12 Dec 2012

Dark days of December

My life, by nearly every measure, is good. And yet, I face a crisis of confidence every so often -- I wonder whether my work and effort have any value and whether we, humans, are making any progress. Yes, we have whizzier phones, arts and entertainment, but what of our politics, economies, environments and communities? On politics, I fume at the failure to face hard decisions and the power that special interests exert in driving policies away from what's good for all to what's good for a few. Economics and economies are often robust -- despite political interference and misdirection -- but waste in countering those attacks (and promoting false values) means that we are much poorer than we need be. The local environment is improving in some places and failing in others; the global environment is truly headed for disaster, as far as our human needs and wants are concerned.* Our communities are sometimes resilient and sometimes torn by evolving economic, technological and social forces; nasty political opportunists are happy to wreck them for cheap publicity.

I'm an economist by training and inclination. I speak truth to power because I am annoyed by silly ideas and angered by transparent failure. Economics is known as the "dismal science" for its brutal analysis of the facts and forces that make our lives better or worse. We earned that title for denouncing slavery -- not a Malthusian prediction of overpopulation -- but those are just two examples of where our unpopular views have turned out to be right. The trouble with being critical -- and right -- is that people tend to give you more blame for the pain caused by changing to the right course than they give you credit for seeing which path to take.

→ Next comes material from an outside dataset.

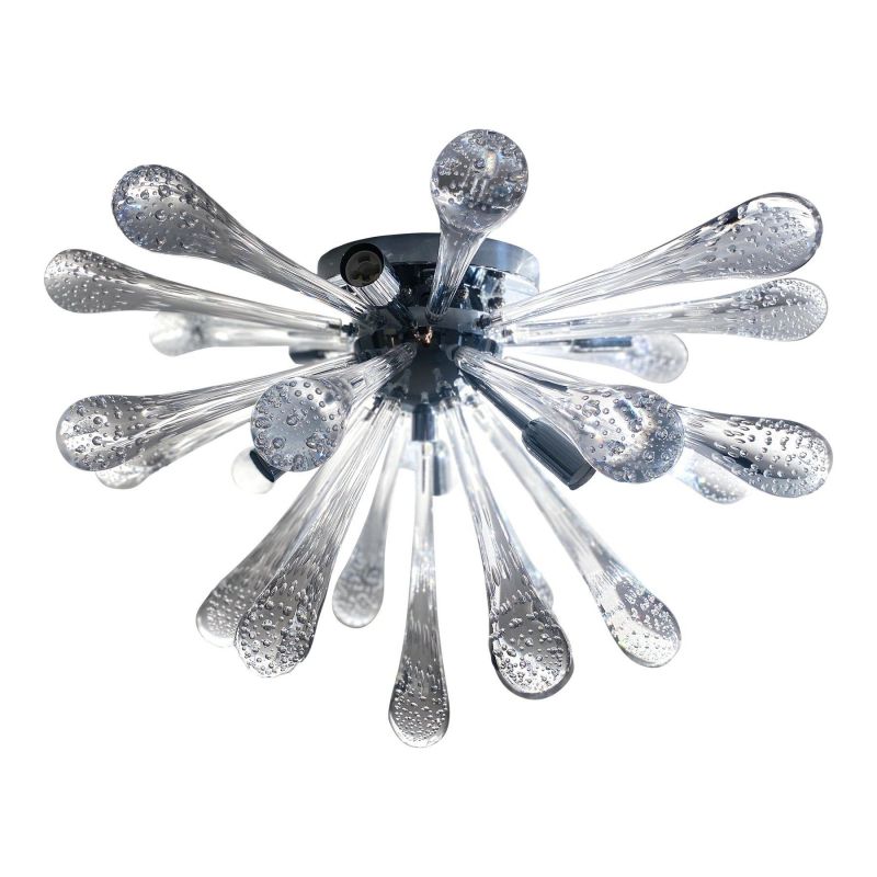 CLEAR MURANO GLASS “DROPS” SPUTNIK FLUSH MOUNT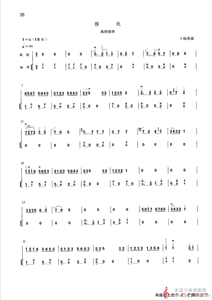 曲谱图网为您提供猴戏简谱(猴戏高胡独奏简谱)找谱子,就上曲谱图网。

I sometimes get depressed at the lack of perception and progress towards the "right policies" that we discuss and explore here (this is not my first complaint), but I always seem to bounce back and fight on. I don't do that because I enjoy pain. I do it because I hear hints and murmurs of agreement and consent. I do it because I can answer people's questions, teach students to see, or notice that others are -- finally -- seeing that some emperors really lack the figleaf of a wardrobe.**

I've managed to build a small platform here and connect with people interested in these issues -- and solving them. I wonder constantly how I (or we) can improve our chances for being heard and "making a difference." I'm too old to think that "all things turn out for the best in all worlds," but I've never looked back with regret at the decisions I've made or the actions I've taken.

And so I sit here on an early morning train, trying to reconcile my frustration, excitement, pleasure and doubt. I'd love to follow a clear, certain and just path, but life is not that clear to me. I wander (and wonder) in the dark room of potentials, hoping to get to the other side (wherever that is) without breaking the china or bumping my knees.

The good news is that I am just now getting "out of the house" to spend 7 weeks in Asia with Cornelia [we left 7 Dec]. I enjoy traveling for the novelty and adventures, but I also benefit from "eating with the people" (see photo) -- when I am reminded of the resourceful, generous, joyous and curious energies exerted by everyday people in their pursuit of life.

Bottom Line: Life isn't easy, but it would be boring if it was. We may struggle to succeed, but the lessons learned -- and occasional successes -- are what result in progress, wisdom and satisfaction.

* But see yesterday's post. A new hope or false dawn?

**I was right about the corn ethanol disaster, Venezuela falling apart, disputes over oil money in Iraq, water management failure in Southern California, and many other issues. I'd be proud of those facts if it wasn't so depressing to consider the extent of gratuitous suffering that's resulted from a failure of others to see what I see and take action to end it.